Download a Midas depth model. Upload any photo with clear foreground/background. Set Control Weight to 0.7. Write a prompt that describes what you want (not what’s in the photo). Generate. You’ll see how depth maps guide spatial layout while letting your prompt control the rest.
Once you understand that, move to OpenPose (if you work with characters) or Canny (if you need precise composition). But start with the model that’s most forgiving.
FAQ
Why doesn’t my ControlNet affect the output at all?
Three common causes: (1) Model version mismatch – your SD checkpoint is 1.5 but your ControlNet model is for SDXL. Check the filenames. (2) Enable checkbox is unchecked. (3) Control Weight is set to 0. Also, make sure you actually selected a model in the Model dropdown – “None” is an option and it does nothing.
Can I use ControlNet with SDXL models?
Yes, but you need SDXL-specific ControlNet models. SD 1.5 ControlNet models don’t work with SDXL checkpoints. As of early 2025, SDXL ControlNet models are mostly community-made (available on Civitai). Stability AI released official SD 3.5 Large ControlNets in January 2025 (Canny, Depth, Blur), free for commercial use under $1M revenue per the Community License.
What’s the difference between Control Weight and Control Mode?

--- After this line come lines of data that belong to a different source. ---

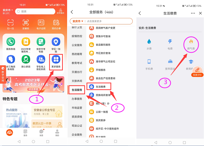 皖事通:安裝并打開皖事通APP,進入“更多服務”-選擇“生活服務”-“生活繳費”,點擊“燃氣費繳納”即可繳納燃氣費或者預存氣費。
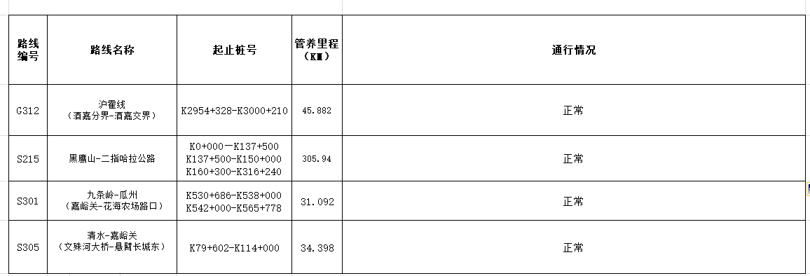 嘉峪關(guān)公路事業(yè)發(fā)展中心管養(yǎng)公路路況信息(2025年11月28日)
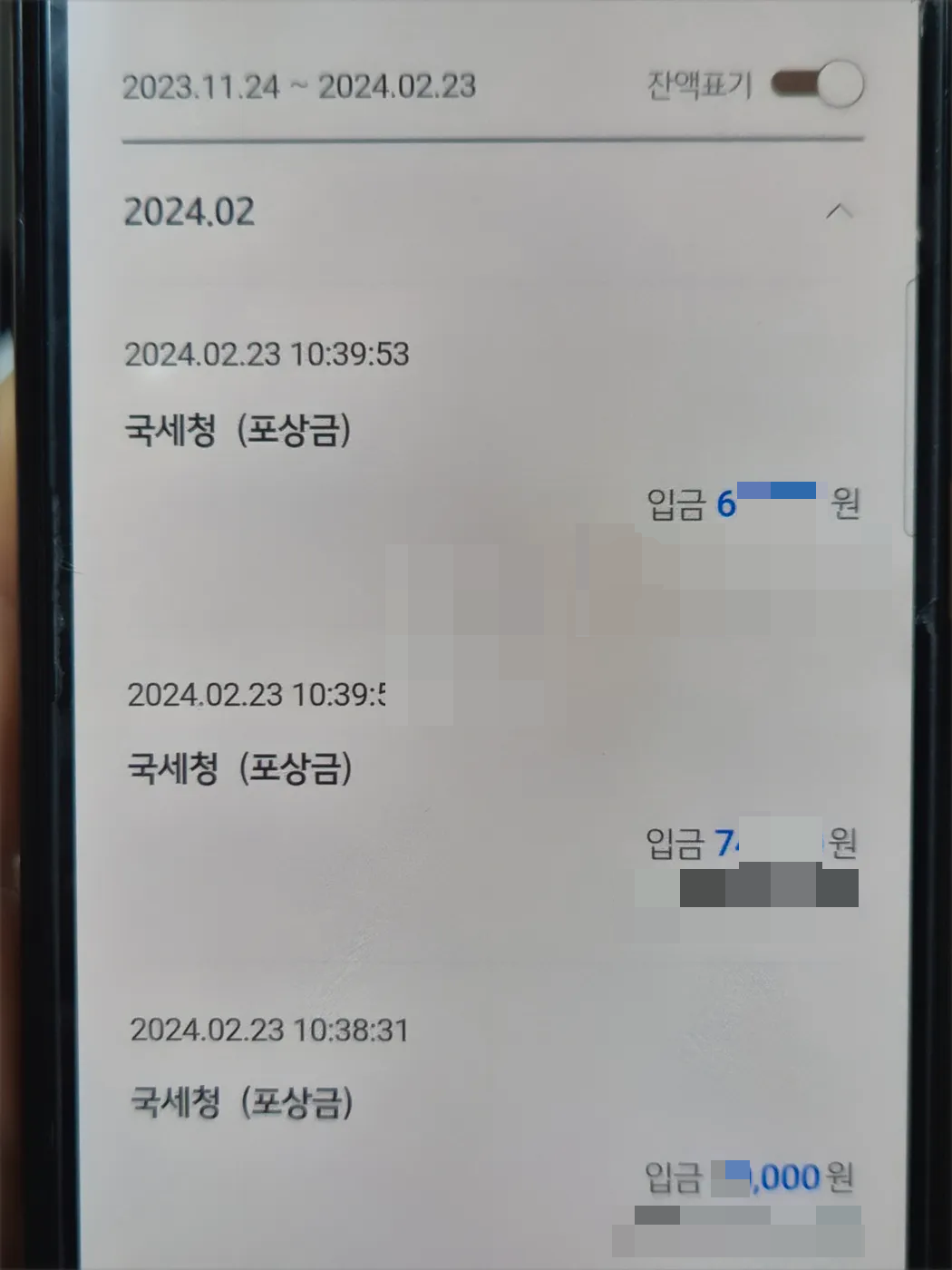 다행히 세무서 전화를 받고 난 10일 정도 뒤에 현금영수증은 제대로 발행이 되었고, 그 후 딱 1개월이 지나서 아침에 띵동 메시지가 날아와서 확인해 보니 포상금 지급 내역으로 약 20% 가까이 되는 돈(약 20만 원 정도)이 요청했던 은행 계좌로 입금이 되었답니다.

Control Weight (0 to 2) is how strongly the control map influences the image – higher = more control. Control Mode changes HOW that influence applies. “Balanced” applies ControlNet normally. “My prompt is more important” weakens ControlNet slightly in favor of text. “ControlNet is more important” multiplies ControlNet influence by your CFG scale – so if CFG is 7, ControlNet becomes 7x stronger on top of the weight you set. This is non-linear and can overpower your prompt fast. Stick to Balanced unless you’re intentionally experimenting, then adjust weight first before touching Control Mode.